For any picture in the lines below, please leave it out and copy the rest exactly.

(COLLECTED DATA):
--
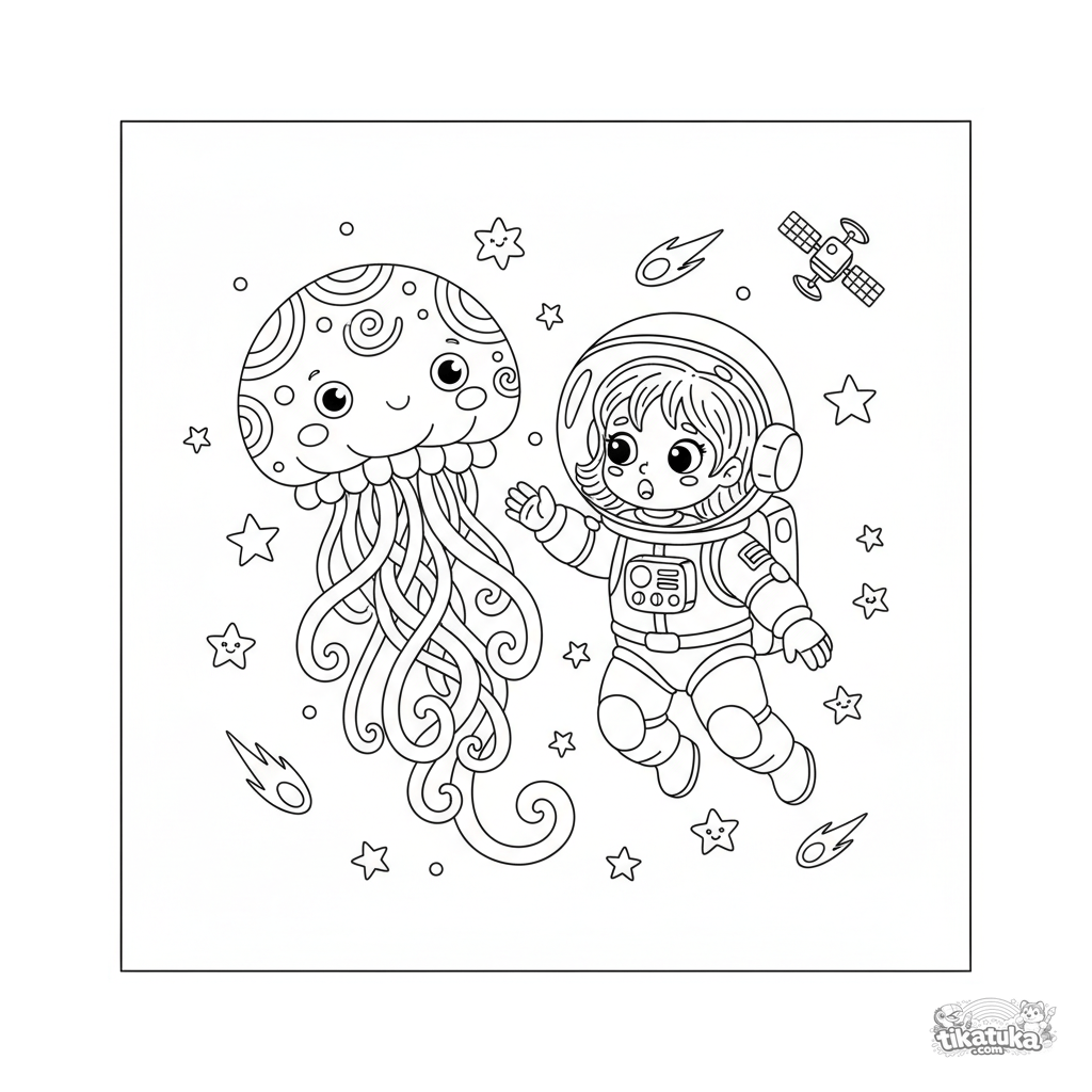 Página para colorir para meninas de 6 a 9 anos: uma menina astronauta encontra uma água-viva gigante e amigável no espaço sideral. Cena cheia de maravilhas.
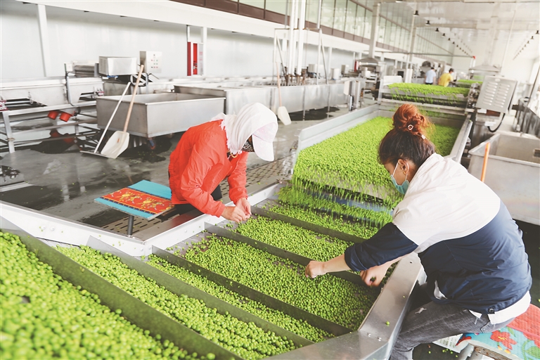 上图:天润公司的豌豆加工生产线。
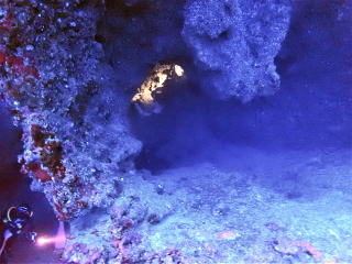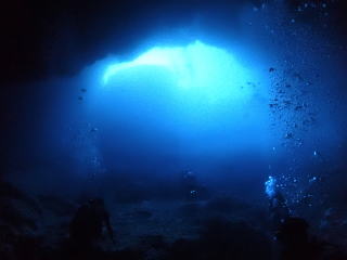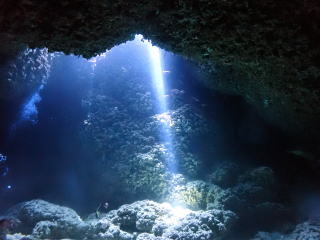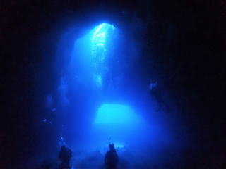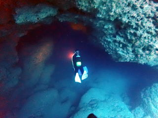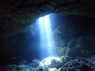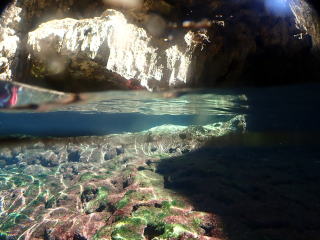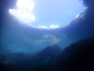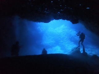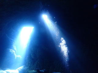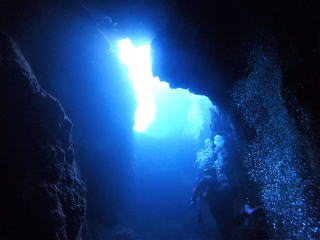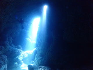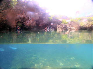 今回潜りたかったポイントの1つでした。光の加減と大きな洞窟の様子は、なかなか迫力があって好きなポイントです。池に浮上しました。池の底には「藻」がたくさん付いていました。川本さんが「藻から泡が出ていますが、光合成をして吐き出した酸素ですかね?」と言っていました。良く見たら確かに泡を出していて、光合成をして作った酸素だろうと思いました。ミニ通り池とは透明度が全然違いますが、普通に「池」って感じでした。魔王の部屋もいいですが、「マリンレイク」の方が迫力があって好きでした。
--
(SOLUTION TO THE EXERCISE):
 Página para colorir para meninas de 6 a 9 anos: uma menina astronauta encontra uma água-viva gigante e amigável no espaço sideral. Cena cheia de maravilhas.
 上图:天润公司的豌豆加工生产线。
 今回潜りたかったポイントの1つでした。光の加減と大きな洞窟の様子は、なかなか迫力があって好きなポイントです。池に浮上しました。池の底には「藻」がたくさん付いていました。川本さんが「藻から泡が出ていますが、光合成をして吐き出した酸素ですかね?」と言っていました。良く見たら確かに泡を出していて、光合成をして作った酸素だろうと思いました。ミニ通り池とは透明度が全然違いますが、普通に「池」って感じでした。魔王の部屋もいいですが、「マリンレイク」の方が迫力があって好きでした。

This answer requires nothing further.